Отчего-то очень хотелось есть, рада была бы даже корочке хлеба. Хотя с утра съела кашу, а днем постные щи, я ощущала зверский голод. Лесник очень переживал, что не может накормить меня изысканными блюдами, к которым я привыкла, но я успокоила его. Помня все слова Палаши, я старалась поменьше говорить с мужчиной, чтобы он не догадался, что я сбежала из усадьбы и от мужа.
Я планировала уже завтра покинуть дом лесника, если все будет хорошо, и как можно скорее добраться до своей троюродной тетки. Благо Палаша знала, где она живет, и вчера назвала мне ее адрес.
Накормив малышку, я решила сама сходить поискать что-нибудь поесть. Палашу беспокоить не хотелось. Она и так со мной провозилась всю ночь, а днем готовила еду и стирала все вещи лесника, что я испачкала кровью во время родов.

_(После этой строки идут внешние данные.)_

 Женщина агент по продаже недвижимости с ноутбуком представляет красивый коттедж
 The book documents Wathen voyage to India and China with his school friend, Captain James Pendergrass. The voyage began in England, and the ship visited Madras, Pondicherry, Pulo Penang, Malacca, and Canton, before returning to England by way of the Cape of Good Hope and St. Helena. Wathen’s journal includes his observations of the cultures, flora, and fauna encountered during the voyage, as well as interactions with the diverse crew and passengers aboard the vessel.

Я встала с кровати, на удивление, довольно легко. Силы вернулись к мне, и это было радостно. Живот и промежность тоже не болели. Я проверила прокладку из тряпицы, которую соорудила мне Палаша, она была чистой, без крови. Всем телом я ощущала, что вполне здорова. Даже живот мой стал плоским и лишь немного висел. Как все же хорошо, когда рожаешь сама. Моего второго сына кесарили, так я неделю лежала в больнице и в первые дни едва передвигалась по стенке после операции.
Видя, что малышка снова заснула, я осторожно переложила ее в корытце и прикрыла лоскутным одеялком.

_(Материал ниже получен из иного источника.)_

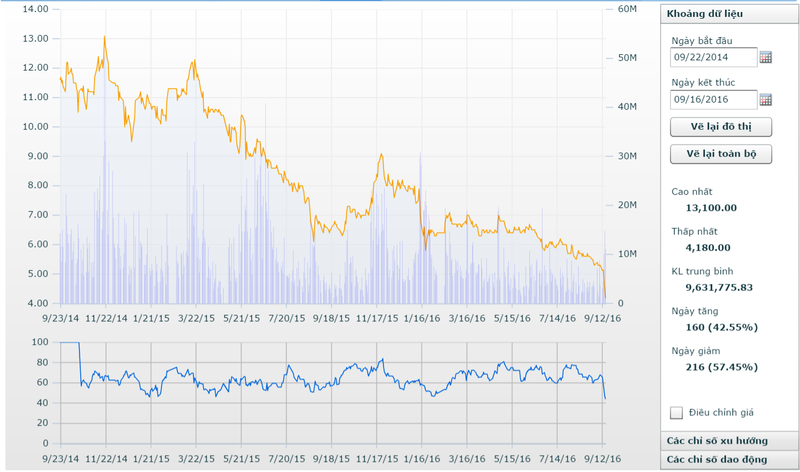 Trước đó, mã cổ phiếu này đã rơi vào thời kỳ suy thoái trầm trọng, rơi một mạch từ mức 8 nghìn đồng/cổ phiếu vào đầu năm 2016 về mức hơn 4 nghìn đồng/cổ phiếu như hiện nay.

Сунув ноги в легкие ботиночки, я накинула на плечи длинный цветастый платок в русском стиле. Его дал мне на время лесник, вещица также осталась от его покойной жены.
Тихо, чтобы не разбудить дочку, я вышла из комнатушки. Изба состояла из четырех смежных комнат. Спальня лесника, где я рожала и теперь оставила дите, была самой последней, далее следовали просторная горница, а после кухня с печью и закрытые сени.
В горнице никого не было, стоял полумрак. Едва я приблизилась к приоткрытой двери кухни, как услышала тихий разговор Палаши и лесника.
– Принес же эту Марью нечистый, – в этот момент проворчала Палаша. – Все карты нам спутала. Померла бы барыня родами, и дело с концом.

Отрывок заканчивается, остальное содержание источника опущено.